In Section 7.6, you will see Watkin’s Q(λ), which is not covered in the course. The horizon here differs from TD(λ) and Sarsa(λ), which spans all the way until the end of the episode. Instead, Watkin’s Q(λ) looks only up till the next exploratory action. Suppose all actions up till Aₜ is greedy. Watkin’s Q(λ)updates Qₜ(Sₜ, Aₜ) based on the best possible action (which was not taken) in state S_{t+1}, and goes no further. All subsequent actions thereafter has no influence.

In Section 7.7, the authors raise two limitations associated with this. The first is that the binary treatment (either a policy is followed, or it is not followed and the eligibility traces gets cut off) may not be the best approach, given that actions actually come from probability distributions. The second is the lack of decoupling between bootstrapping and off-policy.

Implementation issues are discussed in Section 7.8, on whether the use of eligibility traces add to much computational overhead. In a single sentence, we can live with it.

Finally, the authors briefly touched on the idea of having a non-constant λ, in Section 7.9. For example, we can have λₜ = λ(t) or λₜ = λ(Sₜ). The premise is that it makes sense for λ to be small when a state is known with certainty, and large otherwise. However, Sutton and Barto wrote that such an approach is not used in practical applications. I personally have no plans to implement this anytime soon; I for one do not believe in adding bells and whistles just for the sake of it.

Conclusion

In this chapter, we see how eligibility traces can be adopted into TD, and how it extends to SARSA as well.
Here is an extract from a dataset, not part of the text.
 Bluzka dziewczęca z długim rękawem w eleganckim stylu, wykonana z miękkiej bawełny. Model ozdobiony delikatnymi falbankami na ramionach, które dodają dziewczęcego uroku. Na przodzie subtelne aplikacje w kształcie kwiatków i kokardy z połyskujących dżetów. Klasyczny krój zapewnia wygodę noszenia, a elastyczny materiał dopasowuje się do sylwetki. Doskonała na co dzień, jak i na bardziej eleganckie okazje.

This is the 5th and final article for my series of commentary, for now. Reason being that the rest of the Introduction to Reinforcement Learning course covers other topics outside this textbook. Note that there are other chapters of this very good textbook. However, I only talked about materials which I used as class reference. Maybe after marking the assignments and projects and exams, I will find some time to continue this series.
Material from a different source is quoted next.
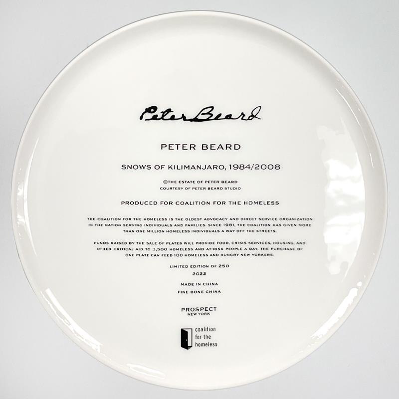 "Snows of Kilimanjaro" is a limited edition plate by Peter Beard (1938-2020). This plate is custom framed and floated on linen. Measures approx. 15.5" x 15.5" (frame), 11" (plate diameter).

It is certainly not to say that there are materials which Sutton and Barto had left out. Instead, it is because I want to teach students other technical skills which would be helpful at their workplace. Not every problem is meant to be approached with the RL lenses.

The introductory concepts here should prepare you well for diving further into the more advanced aspects of Reinforcement Learning. Again, I want to emphasize that this is meant to be a supplementary to the textbook. Also, it certainly does not replace attending my course in person!

Disclaimer: All opinions and interpretations are that of the writer, and not of MITB. I declare that I have full rights to use the contents published here, and nothing is plagiarized. I declare that this article is written by me and not with any generative AI tool such as ChatGPT. I declare that no data privacy policy is breached, and that any data associated with the contents here are obtained legitimately to the best of my knowledge. I agree not to make any changes without first seeking the editors’ approval. Any violations may lead to this article being retracted from the publication.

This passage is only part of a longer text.